# Recorded information:
----
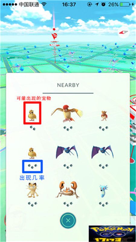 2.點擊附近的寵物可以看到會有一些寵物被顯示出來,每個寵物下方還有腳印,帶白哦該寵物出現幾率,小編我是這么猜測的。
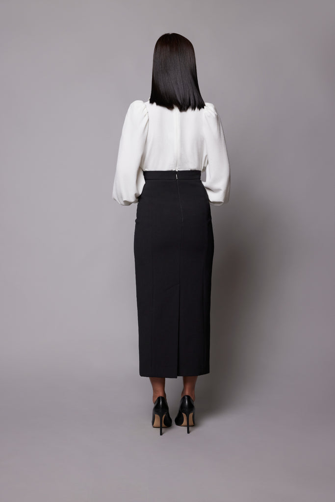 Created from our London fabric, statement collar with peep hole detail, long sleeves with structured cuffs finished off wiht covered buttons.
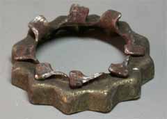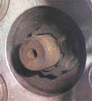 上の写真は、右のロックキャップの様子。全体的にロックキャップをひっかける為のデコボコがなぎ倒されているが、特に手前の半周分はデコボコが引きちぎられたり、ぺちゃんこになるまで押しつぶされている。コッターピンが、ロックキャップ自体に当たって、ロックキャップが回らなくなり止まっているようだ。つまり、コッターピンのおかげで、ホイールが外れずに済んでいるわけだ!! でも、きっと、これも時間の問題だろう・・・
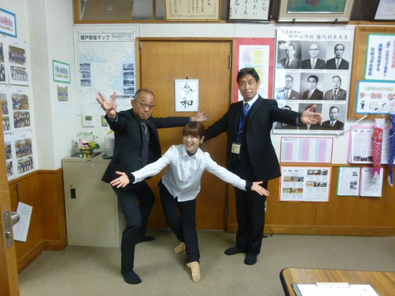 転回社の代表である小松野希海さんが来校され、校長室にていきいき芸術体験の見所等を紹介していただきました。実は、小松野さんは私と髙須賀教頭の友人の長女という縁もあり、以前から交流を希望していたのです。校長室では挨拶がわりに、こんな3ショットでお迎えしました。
----
Write out every line above again exactly, with the pictures left out.

# Solution:
 2.點擊附近的寵物可以看到會有一些寵物被顯示出來,每個寵物下方還有腳印,帶白哦該寵物出現幾率,小編我是這么猜測的。
 Created from our London fabric, statement collar with peep hole detail, long sleeves with structured cuffs finished off wiht covered buttons.
 上の写真は、右のロックキャップの様子。全体的にロックキャップをひっかける為のデコボコがなぎ倒されているが、特に手前の半周分はデコボコが引きちぎられたり、ぺちゃんこになるまで押しつぶされている。コッターピンが、ロックキャップ自体に当たって、ロックキャップが回らなくなり止まっているようだ。つまり、コッターピンのおかげで、ホイールが外れずに済んでいるわけだ!! でも、きっと、これも時間の問題だろう・・・
 転回社の代表である小松野希海さんが来校され、校長室にていきいき芸術体験の見所等を紹介していただきました。実は、小松野さんは私と髙須賀教頭の友人の長女という縁もあり、以前から交流を希望していたのです。校長室では挨拶がわりに、こんな3ショットでお迎えしました。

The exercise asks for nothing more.